Estimated reading time: 9 minutes

Table of Contents

The Backstory: Three Names in One Week

To understand the hype, you need to understand the chaos. OpenClaw was created in late 2025 by Peter Steinberger, an Austrian developer who previously sold his company PSPDFKit for around $100 million. He built it to manage his own digital life. Then it went viral.

Clawdbot: The original name. It hit 103,000 GitHub stars in six days, the fastest growth in the platform’s history.

Moltbot: Anthropic (the company behind Claude AI) sent a trademark request because “Clawdbot” sounds too similar to “Claude”. The project “molted” its old shell and became Moltbot. But during the social media handle swap, scammers grabbed the old @clawdbot Twitter account and used it to launch a fake cryptocurrency. It rocketed to $16 million before crashing when Steinberger confirmed he had nothing to do with it.

OpenClaw: The current name. This time, trademark searches were done properly, domains were secured, and migration code was written before the announcement.

The key difference from ChatGPT: ChatGPT and other chatbots just talk. They suggest things, explain things, and write things. OpenClaw actually does things. It can reach into your computer, browse the web, send messages, book appointments, and run scripts. It is not a chatbot. It is an Action Agent.

What Can It Actually Do?
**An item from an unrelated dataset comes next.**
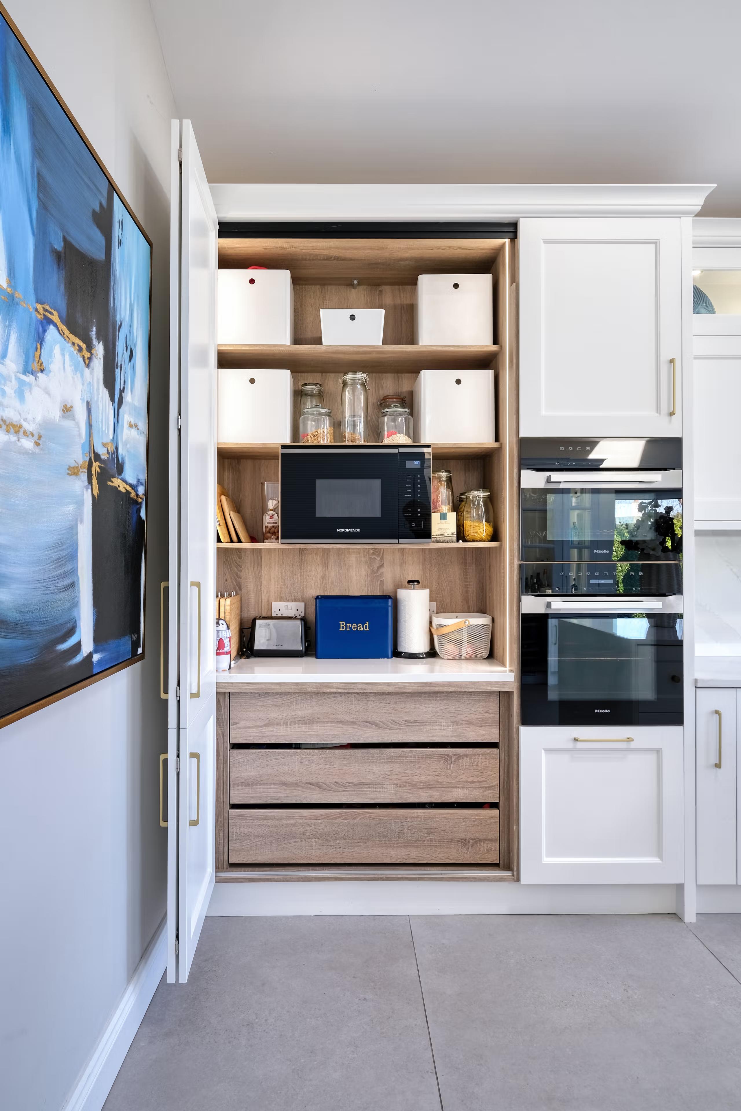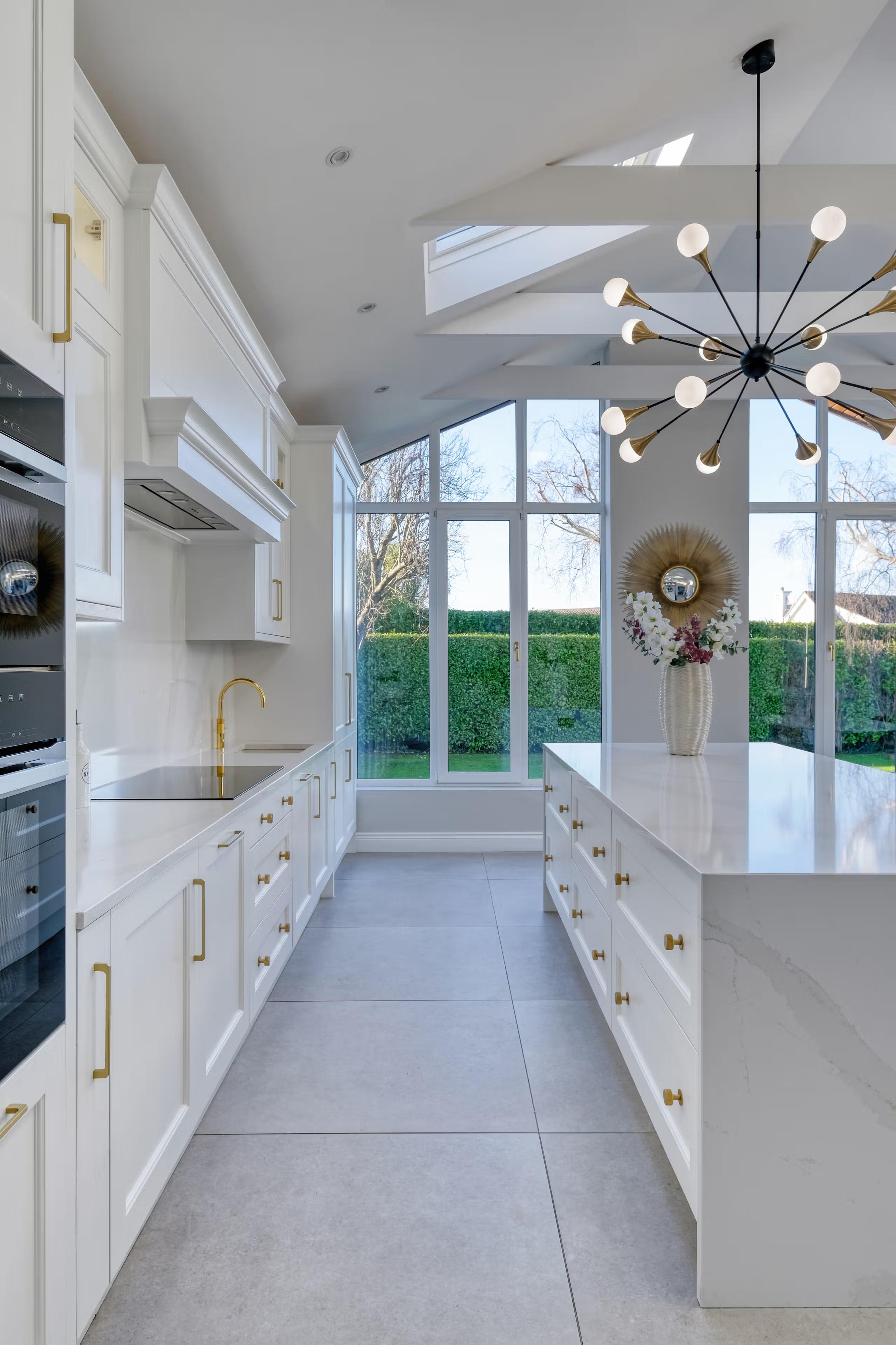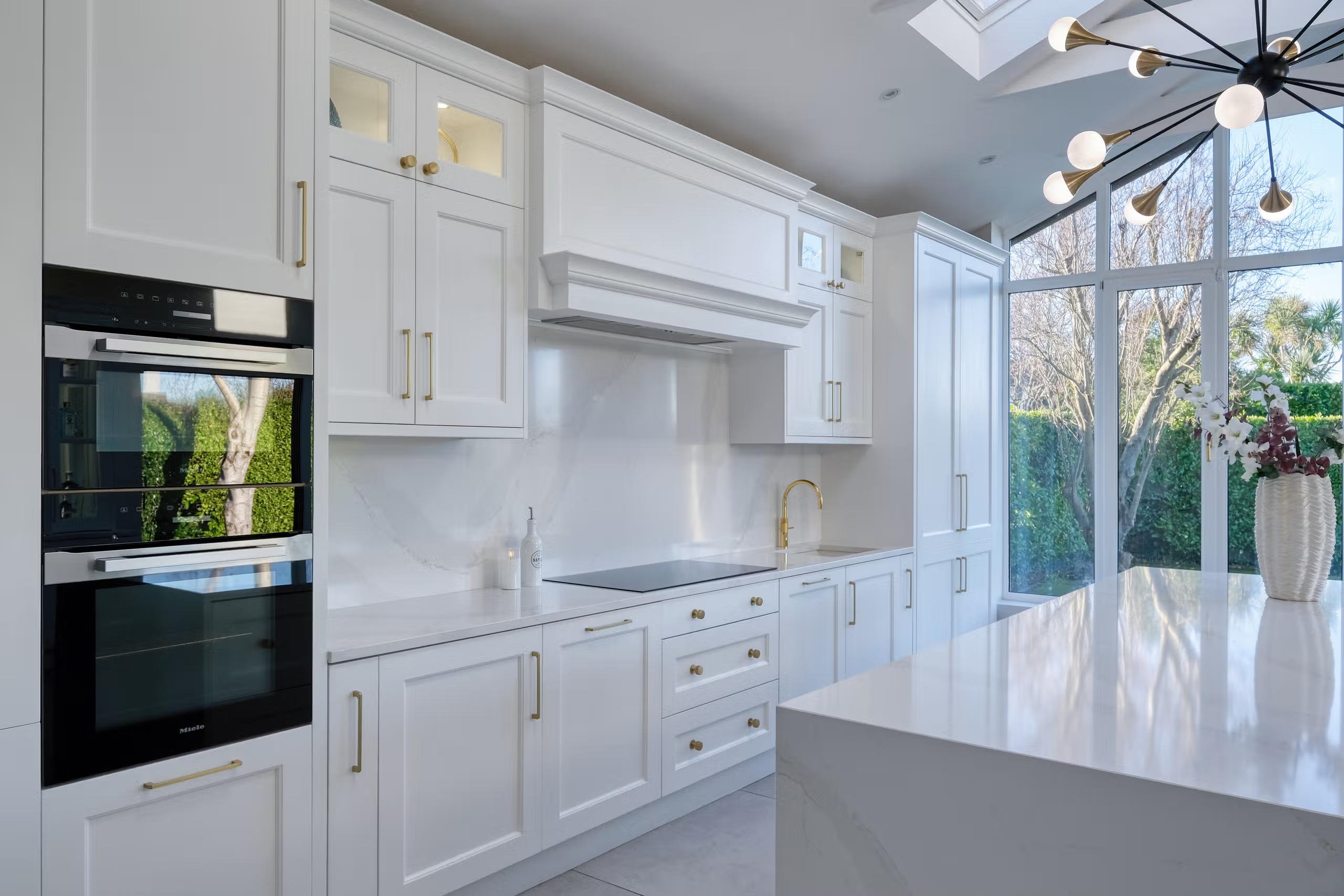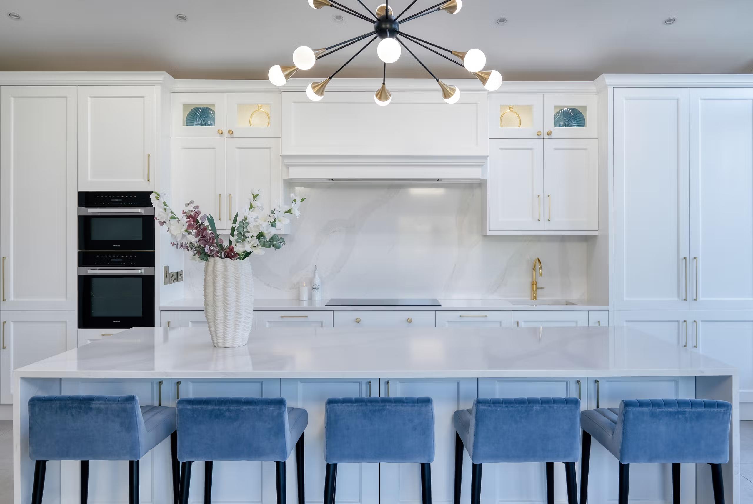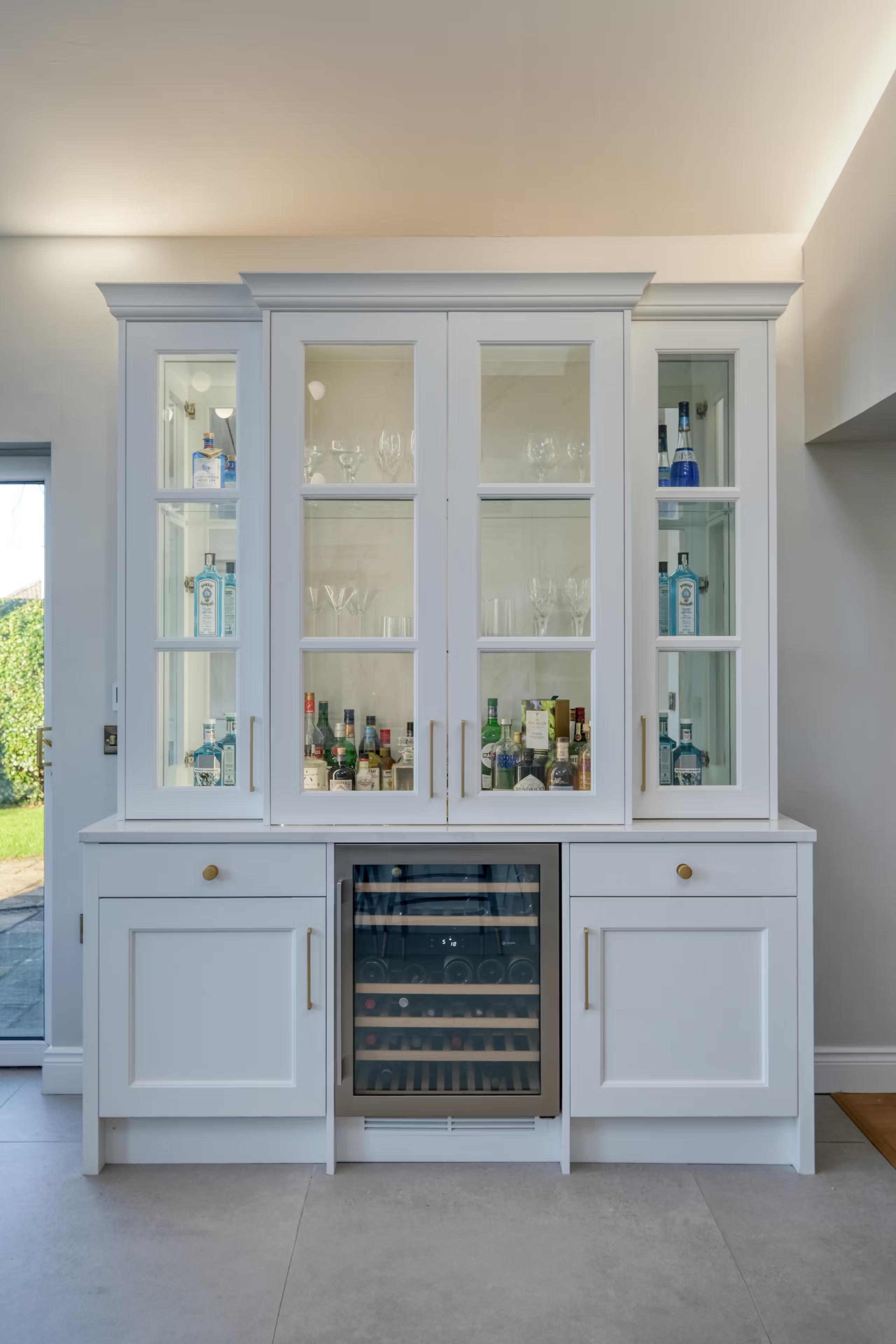 This classical style kitchen was custom-made by workshop to the exact client specification. With stone gables on the island and bespoke bar area. Hand painted in Farrow and ball all white , with a stunning amount of daylight in this space, there is an overwhelming feeling of calm when sitting in this fabulous kitchen.

Real Use Cases

Think of it as an assistant who never sleeps, knows every brand guideline, and can access your files. Here are real examples from actual users:

  • Customer Service Automation: Set the bot to monitor your Slack or email for specific mentions. It can automatically pull a customer’s history from your CRM, draft a response, and wait for your approval before sending.
  • SEO Monitoring: Give it access to your Google Search Console data. It can identify declining keywords, research the current top-ranking pages, suggest improvements to your meta-descriptions, and save them in a spreadsheet for you to review.
  • Social Listening: It can monitor a Discord, Telegram, or Slack channel around the clock, summarising the mood of the community and alerting you if a PR crisis or viral opportunity appears.
  • Competitor Price Tracking: Configure it to check competitor websites daily, extract pricing data, and alert you when prices change.
  • Meal Planning: One user configured OpenClaw to build a weekly meal planning system in Notion, saving his family an hour per week.
  • Car Price Negotiation: Another user had it contact car dealerships and negotiate prices on his behalf.
  • Voice Note Transcription: Someone transcribed over 1,000 WhatsApp voice notes and created a searchable database.

How Does It Connect to Everything? Understanding MCP

OpenClaw uses something called MCP (Model Context Protocol) to connect to over 100 different services. MCP is an open standard created by Anthropic that works like a universal plug. Instead of building a separate connection for every tool (Google Drive, Slack, Notion, your calendar), MCP provides one standard way for AI to plug into all of them.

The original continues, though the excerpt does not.